In my opinion, the successful scaling of VRFB requires access to a dependable supply of vanadium, so the more the merrier in terms of who gets involved. Feel that we are in a win-win situation in that if any one upstream vanadium producer can help develop a significant downstream VRFB capability (and they all have the financial fire-power to do so) it will benefit all the others. Once the technology starts to be rolled out in size, it will open the flood gates to a new source of vanadium demand for all.
Full disclosure: I own all three names.
CellCube actually already has an upstream development resource that it hopes to spin out to earn some cash. But it is far inferior to those of Bushveld and Largo and also would cost a bucket load of cash to develop, which CellCube doesn't have.
CellCube also has a market cap of only US$20 million, which for both Largo and Bushveld is just two or three times monthly free cash flow even if they paid a 50% premium to buy them out. Largo can't bid for anything at the minute since it has outstanding bonds with strict covenants that prevent M&A (issued to get its mine up and running when the vanadium price was at its low). However, as of June 1st, those bonds all become callable, so Largo can forcibly retire the bonds (now only US$29 million outstanding) and it has signalled its intent to do just that. So after June 1st, Largo will have both the cash and freedom to do M&A.

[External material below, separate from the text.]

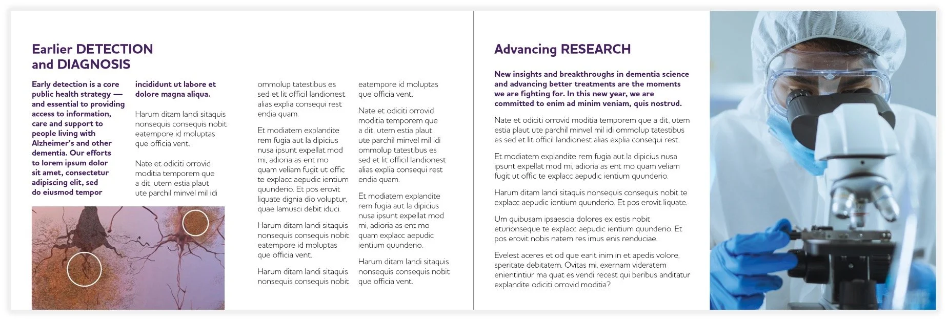 Our first concept centered around warm, tender, intimate storytelling. To bring this to life visually, we used stirring photography featuring moments with loved ones that show connection. The handwriting and heart give it a human touch — because for so many, Alzheimer’s is personal.

So I guess if neither Largo nor Bushveld take a run at CellCube over the next few months it's because they don't think CellCube has any intellectual property worth having. Given how much free cash LGO and BMN are currently generating they could swallow up CellCube in an instant with almost no impact on their respective balance sheets whatsoever. Will be interesting to see what both these companies do M&A-wise going forward.
Stock is up 14% on the news. I view all newsflow around large scale VRFB rollouts as positive for BMN
https://www.prnewswire.com/news-releases/cellcube-announces-100-mw-energy-storage-project-in-us-300811704.html
AMG had conference call yesterday and recording has just been put up. Around about one third of Q&A relates to their vanadium division. Q&A from 20 minutes.

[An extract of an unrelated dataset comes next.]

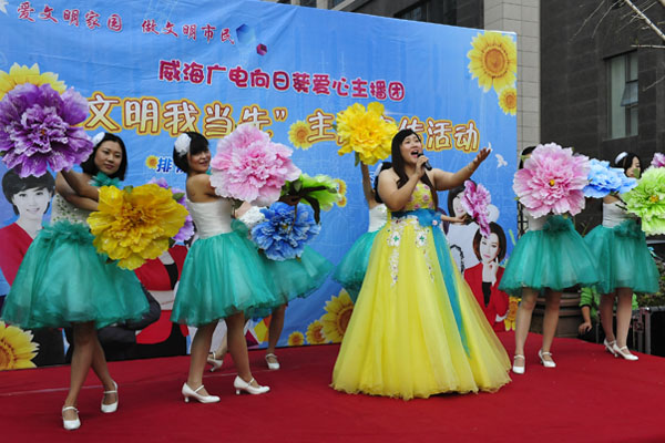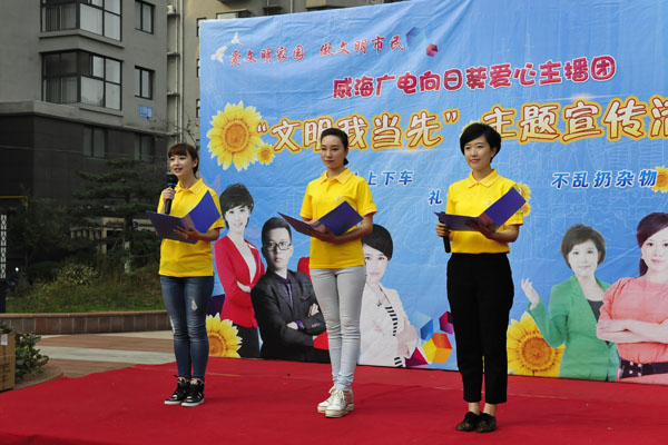 2015年10月16日,威海廣電攜手聯(lián)橋集團(tuán)在集團(tuán)海天一品社區(qū)噴泉廣場(chǎng)舉行“文明我當(dāng)先”主題宣傳活動(dòng)。威海電視臺(tái)愛心主播白雪、張帆、齊賽、劉偉豪等親臨現(xiàn)場(chǎng),通過(guò)節(jié)目表演、知識(shí)講解,做游戲等形式,與大家互動(dòng)交流,在輕松愉快中傳播“愛文明家園做文明市民”的理念。

https://amg-nv.com/investors/media/
Always impressed by their CEO and he remains bullish on vanadium market outlook:
- See China rebar reg enforcement somewhat lacking to date but says has no doubt authorities will tighten and this will underpin vanadium pricing
- Vanadium remains in a long-term growth scenario
- Prices have been firming after Chinese New Year
Few new things I learnt from conference call:
- AMG is global leader in titanium alloys, mostly driven by aerospace. While titanium is main alloy ingredient, such allows also contain vanadium so as aerospace use increases demand for high-purity vanadium also increases.
- AMG is lowest cost vanadium producer as it secures titanium through reprocessing petrochemical-plant catalysts. Huge increase in catalyst usage. The next bit was a bit unclear, but from what I understood regulation changes mean that a huge amount of bunker fuel has to find a home and this will require a large jump in vanadium-related catalyst usage. I guess this relates to new bunker fuel desulfurisation regs after googling the issue. Any board posters have expertise in this area? Anyway, upshot is that this translates into a new vanadium growth driver, and one I have not heard of before.
Whenever I listen to the AMG conference call, always impressed by the CEO. No nonsense guy who really knows his specialist metals. Very gruff and conservative, and not the kind of guy to ramp pricing prospects. So the fact he remains very bullish on vanadium outlook a big plus for me.